Step 5 Conventional p-value procedure

Independent variable: this SNP’s minor allele count for everyone

Dependent variable: disease status for everyone

5.1 Conduct logistics regression on each SNP

# save odds ratio&p-values for later use
# Note: or is abbrev. for odds_ratio
p = c()
or = c()
for (col in (1:ncol(X))){
  
  #short for SNP minor allele count
  SNPmac = as.vector(X[,col])
  
  #convert status into a vector
  statusv = as.vector(status)
  
  #fit a logistic regression model
  model.glm <- glm(statusv ~ SNPmac, family = 'binomial')
  
  #beta0 is the intercept of the logistic regression
  beta0 = summary(model.glm)$coefficients[1,1]
  
  #beta1 is the coeff of increment of 1 minor allele's effect on the log(p/1-p) = log(odds_ratio)
  beta1 = summary(model.glm)$coefficients[2,1]
  
  or = cbind(or,exp(beta1))
  p = cbind(p, summary(model.glm)$coefficients[2,4])
  
}
or = as.vector(or)
p = as.vector(p)
# Remember how many non-monomorphic SNPs are we using right now? Make sure we have an odds ratio and a p-value for each of them 
# (i.e. The number of odds ratio and p-value should match the number of non-monomorphic SNPs)

length(or)
## [1] 3582
length(p)
## [1] 3582
# Great! Let's first check the estimated effect of our 4 causal SNPs
## Recall that the we set the 10th, 11th, 2000th, 3000th SNPs as causal SNPs
## Recall that we set their odds_ratio (effect size) to be log(1.5)
## Let's see if the logistics regressions can detect that
or[causal_idx]
## [1] 303531777  84118113  67853034  92488570
# OMG! Really big odds ratios. Let's check other SNPs' odds ratios.
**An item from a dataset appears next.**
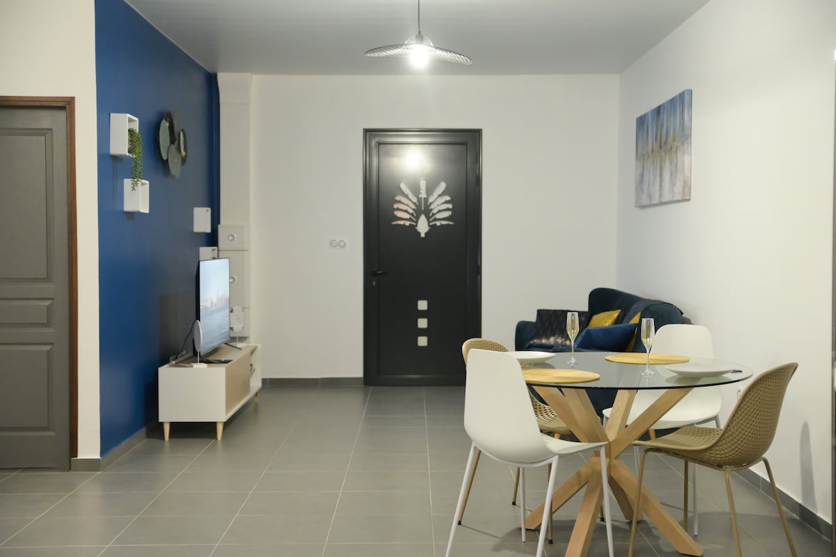 Cozy apartment, new, air-conditioned and relax in a king size bed with TV and a large sofa bed with 65" TV. Close to the village, airport, big shopping mall 20 min away. The 15 m2 terrace for smokers with a jacuzzi for 2 to 4 people and 2 parking spaces. Overnight stay for 4 people/min. 1 night. Weekly or monthly, decreasing price. Check-in between 1 p.m. and 9 p.m./check-out between 6 a.m. and 11 a.m. The entrance and exit are autonomous with a key box. We are classified 3 stars.

Are they much smaller than the odds ratios of causal SNPs?
or[1000]
## [1] 3.778327
or[1500]
## [1] 1.652893
or[3500]
## [1] 0.9224015
# exclude monomorphic SNPs
useful_snps = hapmap$map[-mono,]

# build a dataframe with snp.name, chromosome, position, p-values, then remove the causal SNPs by their row index
df = data.frame(snp.name = useful_snps$snp.name, chromosome = useful_snps$chromosome, position = useful_snps$position, pvalue = p, odds_ratio = or, z_value = z) %>% filter(!row_number() %in% causal_idx) 

# preview the dataframe
head(df)

5.2 Get the most important 10 SNPs by ranking their p-values

df[order(df[,"pvalue"])[1:10],]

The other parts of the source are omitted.